A year after the bankruptcy of Lehman Brothers Holdings Inc, credit-default swaps (CDS) have lost their stigma for disaster and are contributing to the growing confidence in the credit markets.
The cost to protect against a failure by New York-based Goldman Sachs Group Inc, Charlotte, North Carolina-based Bank of America Corp, and 12 of the other biggest derivatives dealers dropped 66 per cent in the past six months, according to an index of swaps compiled by Credit Derivatives Research LLC. While the US struggles with the slowest recovery since 1945, the market where investors protect themselves from default and speculate on corporate debt shows confidence is the highest since June 2008.
Credit-default swaps worsened the biggest financial crisis since the 1930s as the meltdown of Lehman and American International Group Inc, two of the largest traders, caused a seizure in lending.
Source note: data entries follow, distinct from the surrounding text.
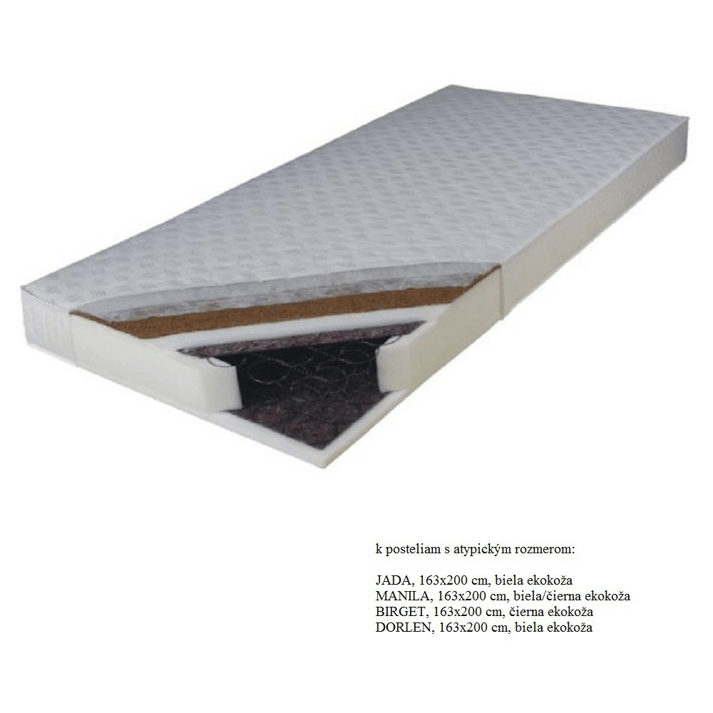 Matrac jednostranný KOKOS MEDIUM ATYPRozmery (ŠxD): 163x200cmVýška matraca: 16 cmMateriál: bonelové pružiny / polyuretánová pena / latexová kokosová doska / bavlnený poťahNosnosť: molitanové strany je 80kg a kokosové strany je 100kg.Tvrdosť matraca: stredne tvrdý T3/tvrdý T4Matrac je v atypickom rozmere 163x200 cm. Je špeciálne vyrobený k posteliam s takýmto vnútorným rozmerom. Matrac odporúčame k posteliam:posteľ JADA, 160x200 cm, ekokoža bielaposteľ MANILA, 160x200 cm, ekokoža biela/čiernaposteľ BIRGET, 160x200 cm, ekokoža čiernaposteľ DORLEN, 160x200 cm, ekokoža biela
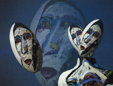 "Mask of Fear"I created the painting of a mask-like face with my old oil paints and brushes. In part I reveal my love for expressionism. The texture map of the painting on different surfaces and at varied sizes seems to extend my original painting. The notion of copies of the same object with transformations in the world space has been with me since the early 1960's.
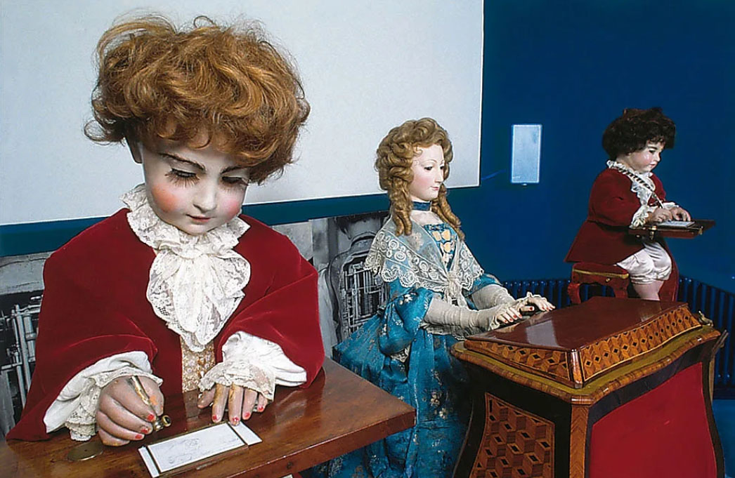 Since the beginning of the 20th century, the Museum of Art and History of Neuchâtel, Switzerland, has housed three of the traveling automatons that toured Europe for 150 years with the greatest success: The Clerk, The Organist and The Draftsman, built between 1768 and 1774 in La Chaux-de-Fonds, the center of the nineteenth-century watch industry and birthplace of Le Corbusier. This is the joint work of Pierre Jaquet-Droz (1721–1790), his son Henry-Louis (1752-1791) and Jean-Frédéric Leschot (1746-1824) delivered to the city on May 1, 1909 with the condition that they be kept in operation and on display. Thanks to her, on the first Sunday of the month, a watchmaking expert presents them to the public who come to the museum to admire these android automatons, the stars of the mechanical shows of the 18th century.
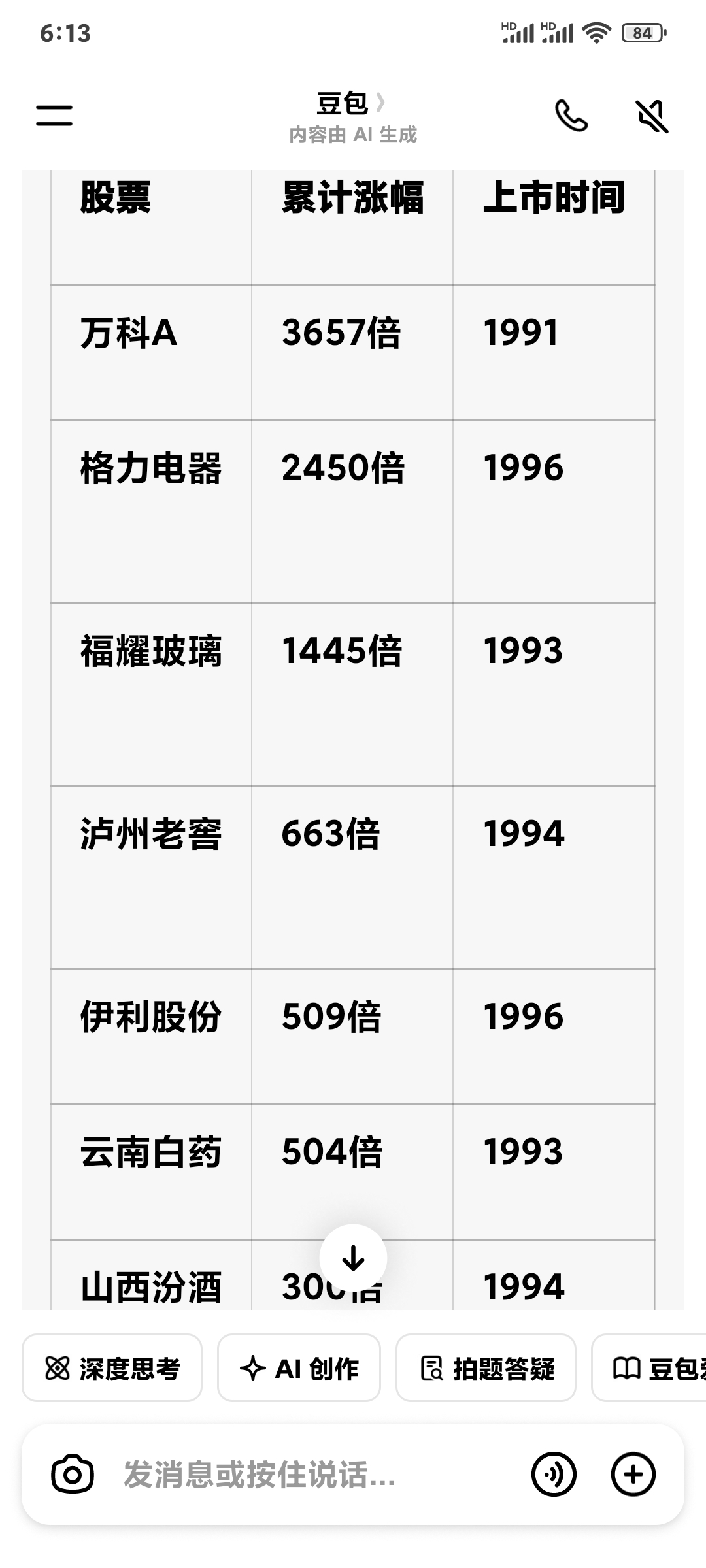 云南白药 504倍 1993 医药生物 6.15元 1589元 中药保密配方,消费属性强

Now, Wall Street is accelerating reforms Treasury Secretary Timothy Geithner started in 2005 when he was president of the New York Federal Reserve to increase transparency in a market lawmakers plan to regulate.
“A functioning credit-default swaps market contributes to more efficient extension of credit” by giving investors and lenders confidence that the industry won’t implode, said Alexander Yavorsky, a senior analyst at Moody’s Investors Service in New York. The consequences of Lehman’s failure “were astronomical, broadly speaking, but the CDS market worked well,” he said.